Back to projects
LLM Eval Dashboard
·2 min read
Overview
Built an eval-driven development workflow with a web dashboard for tracking LLM output quality. The tool runs test suites against prompt versions, scores outputs using LLM-as-judge and heuristic checks, and visualizes regressions over time.
The Problem
Every time we tweaked a prompt, we had no systematic way to know if it got better or worse. We'd eyeball a few examples, ship it, and find out days later that edge cases had regressed. We needed the LLM equivalent of a test suite with CI.
Architecture
- Test suites — YAML files defining input-output pairs with metadata (category, difficulty, expected behavior).
- Runner — Python CLI that executes test suites against any OpenAI-compatible API. Supports parallel execution and caching.

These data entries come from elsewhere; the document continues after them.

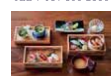
寿司御膳 4,950 円
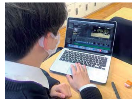
休み時間 動画編集
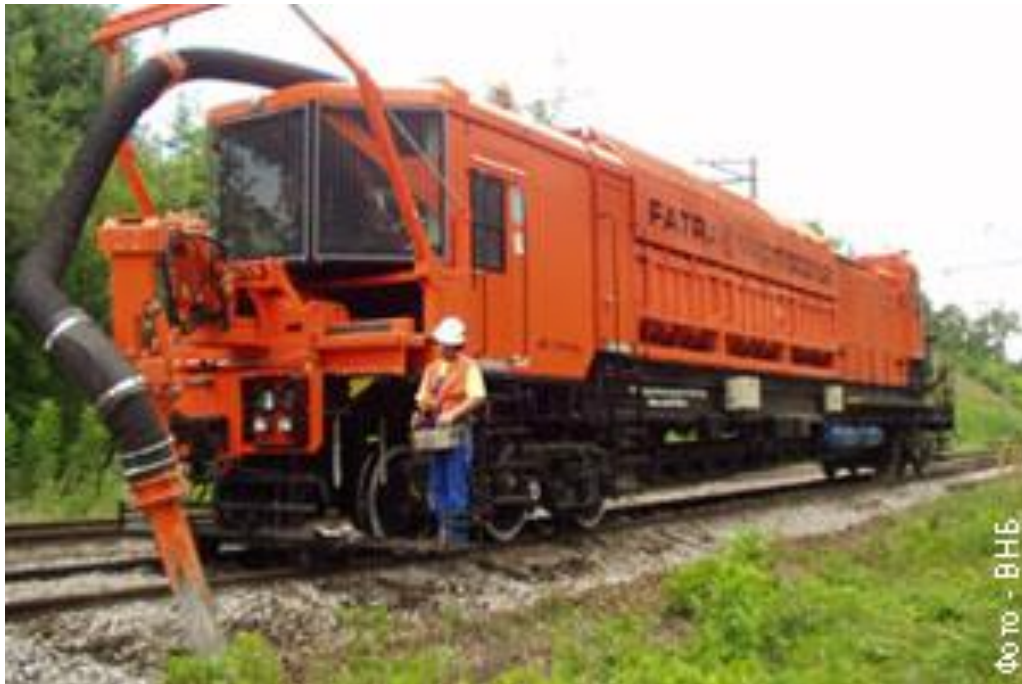
Рисунок 3.1 – Вакуумний Навантажувач Баласту ВНБ «Райлвак Фатра - 17000/У»

Машина ВНБ «Райлвак Фатра 17000/У» призначена для втягування матеріалів з колії та штучних споруд за допомогою вакууму.
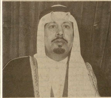
سمو الأمير بدر بن عبدالعزيز

والمستشفى على علاج أفراد الحرس الوطني بل عالجت أيضاً أعداداً كبيرة من حجاج بيت الله الحرام ٠٠ وقد بلغت أعداد الحجاج الذين عولجوا من هذه العيادات أكثر من ١٣ الف حاج . . . وقال أحد الأطباء المعالجين بمستشفى الطوارئ أن ٦٠٪ من الحالات قد أصيبت بضربات شمس ونزلات معوية أمكن علاجها . بالإضافة إلى كل ذلك كان لشباب مدارس الحرس الوطني دور كبير مسانداً في تنظيم حركة السير بالطرق العامة في المشاعر المقدسة . وقد أشاد سمو الأمير ماجد بن عبدالعزيز أمير منطقة مكة المكرمة وسمو الأمير سعود بن عبدالمحسن نائب أمير منطقة مكة المكرمة بهذا الدور الحيوي للحرس الوطني في كافة المجالات الذي تم تنفيذه بدعم وتوجيهات من صاحب السمو الملكي الأمير عبدالله بن عبدالعزيز النائب الثاني لرئيس مجلس الوزراء ورئيس الحرس الوطني وسمو نائبه الأمير بدر بن عبدالعزيز وبتقاعه سمو الأمير خالد بن عبدالله نائب رئيس الحرس الوطني للمنطقة الغربية .
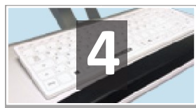
SE ADAPTA EN BANDEJAS Y EN CARROS
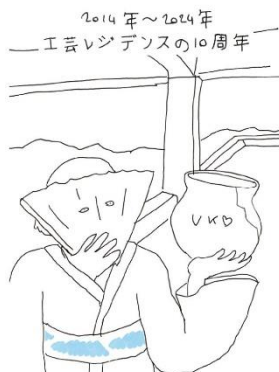
©Pauline Brun (lauréate Villa Kujoyama 2023, danse) ヴィラ九条山での 工芸レジデンス 10 周年
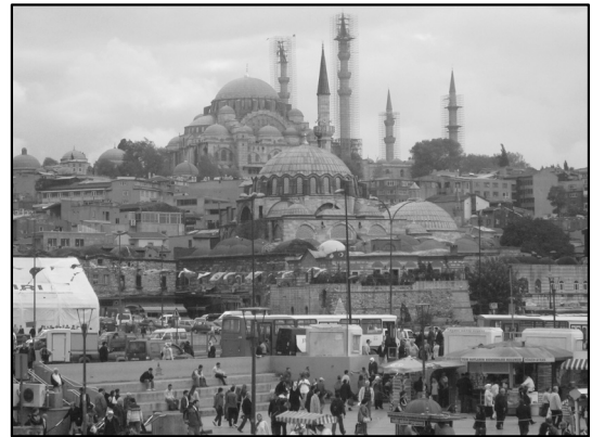
「中央アジア比較法制研究セミナー」とは関係ないが、番外編として

結局、トルコで預けた荷物は一日遅れたが、体は予定どおりに自宅に帰ることができた。
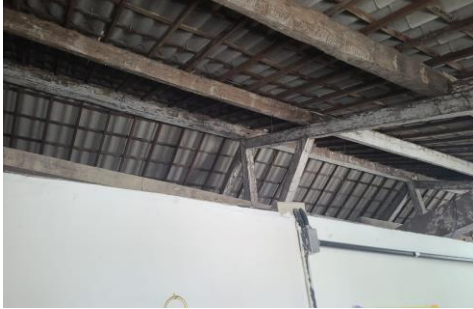
Foto Escola Municipal Virgem Poderosa, R. Leonardo Bezerra Cavalcante, 116 - Jaqueira, Recife.
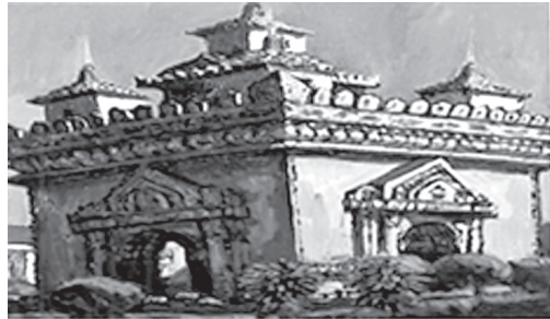
ชื่อภาพ “ประตูชัยสัญลักษณ์แห่งเวียงจันทน์” สื่อวัสดุ สีน้ำมัน ขนาด 80x60 เซนติเมตร ผลงาน สร้างที่ประเทศไทย พ.ศ. 2558
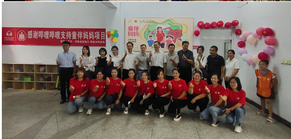
辉县市涧头村童伴之家揭牌仪式
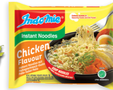
Noodles Pollastre Ref. 0275 - 40 x 70g

- Scorers — Pluggable scoring functions: exact match, regex, LLM-as-judge (with customizable rubrics), and custom Python functions.
- Dashboard — Next.js app that reads eval results from a SQLite database. Shows pass rates, score distributions, and diff views between prompt versions.
Key Learnings
- LLM-as-judge is noisy but directionally useful. Individual scores vary run-to-run, but aggregate trends across 50+ test cases are reliable.
- The hardest part is writing good test cases. We spent more time curating the eval set than building the tooling. Good evals require real edge cases from production.
- Version everything. Prompts, model configs, and eval sets all need versioning. We use git hashes as prompt version IDs.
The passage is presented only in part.